Never had any issues with black smudges using either of my aluminum fences. I usually have an MDF facing, but not always.


----------



## cocobolo1 (Dec 31, 2015)

kp91 said:


> Never had any issues with black smudges using either of my aluminum fences. I usually have an MDF facing, but not always.


Good to know. I think the aluminum (or the wood) might need to be wet before there was any sort of reaction. Wax should help prevent that.


----------



## Cherryville Chuck (Sep 28, 2010)

For a bit like a raised panel that is 3.375 to 3.625" in diameter with bearing you would need a cutout that goes back about 2" (and maybe a hair for comfort level) from the face of the fence.


----------



## MBurke (Feb 4, 2016)

So If I have the 1" Melamine for the face than I would only have to get into the alum angle 1 1/2 " at the most.... both height and width . 
Do you think that would be a big enough opening ?

Thanks


----------



## Cherryville Chuck (Sep 28, 2010)

On rare occasion there might be an issue with the height but you could cure that by adding extra faces so that the bit isn't under the aluminum.

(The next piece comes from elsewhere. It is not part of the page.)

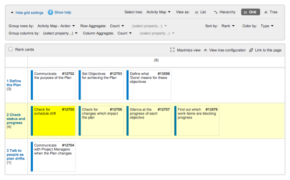 Intentionally simple, activity maps may be re-purposed easily in digital and physical form. In Thoughtworks’ Mingle, activity maps can be set up in a matter of minutes. With added power from Mingle’s query language “MQL” you can easily track the progress of individual user stories in the context of their corresponding operations.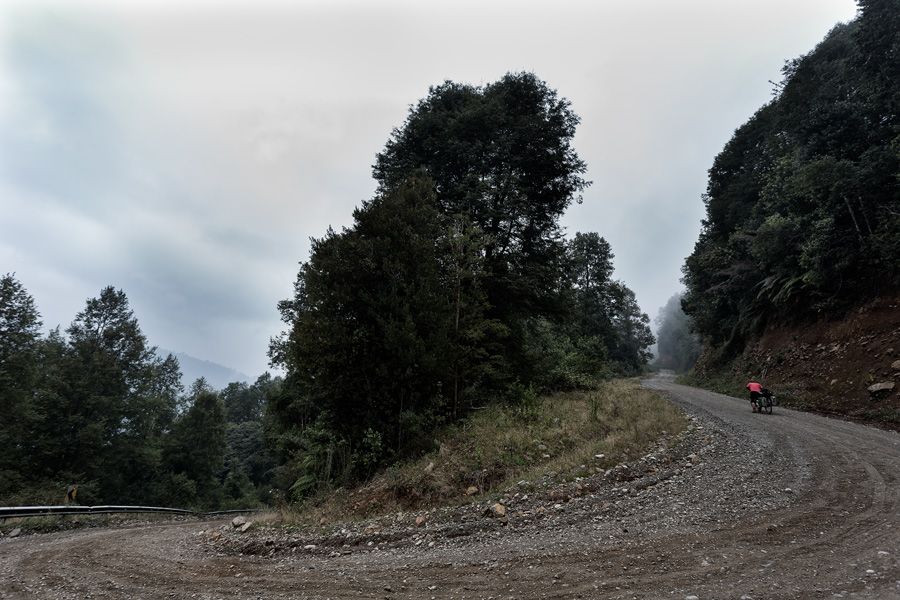 Kijkend naar onze kaart, zien we een dun grijs lijntje lopen van Lonquimay naar Ralco. Dat ziet er uitdagend uit! We slaan voor een paar dagen eten in en in dikke mist verlaten we Lonquimay en hobbelen de eerste 10 kilometer over een zanderig pad; het is nu al hard werken, maar little did we know…

The bottom flange is what keeps the fence straight so I would put more value on having it as wide as possible.


----------



## kp91 (Sep 10, 2004)

MBurke said:


> So If I have the 1" Melamine for the face than I would only have to get into the alum angle 1 1/2 " at the most.... both height and width .
> Do you think that would be a big enough opening ?
> 
> Thanks


you can always go bigger, you can't go smaller. Make the biggest hole you are comfortable making, and you can shim out the fence face or make your hole bigger then. You could make a nice 1 1/2 inch thick hardwood fence face just for panel raising.


----------



## MBurke (Feb 4, 2016)

Thanks for all the suggestions and insight...I appreciate it. I think i know how to move forward from here


----------



## bryansong (Mar 4, 2015)

Cherryville Chuck said:


> These are 4 views of my home made one. By using a bottom piece about 6" wide I was able to make the cutout with out weakening the structure of it. Laminating 2 pieces together in an L shape keeps the front straight and the bottom flat. The bolts are just 1/4" carriage bolts and the through slot is 1/4" so that the shoulders under the head of the bolt fit snugly in the slot without turning when you tighten them up.
> 
> One of the things I'll be doing when I have time is to make some different faces for the fence. I want one tall set for running boards through on edge and I may make a set with the t track slot in it for hold downs and stops. That will make it a little more versatile.



Chuck, 

That looks great! I've saved this page so I can refer back to it when I'm ready to start making mine. I'm working on the porch deck project now but that doesn't mean I'm not thinking about the router table.

Thanks again,
Bryan


----------



## Mike (Nov 22, 2004)

Some people prefer to work from a plan when building things. The tables in the first two photos and the fence is from ShopNotes #1. You can buy and download this plan from plansnow.com. I modified this fence plan and used some parts from Rockler for the first fence I built. The table it is on is a ShopSmith table I took in trade.


----------



## Mike (Nov 22, 2004)

Routerforums was started by the third generation of the Rosendahl family involved with the Router Workshop. Bob Rosendahl and his son Rick developed many of the best jigs to work with over the years and sold them at trade shows. The Router Workshop TV show ran for 14 seasons on PBS and featured many of their jigs and fixtures plus the "Keep it simple" method of routing. Shortly after I joined the forums Rick talked me into trying a Router Workshop table and I was hooked.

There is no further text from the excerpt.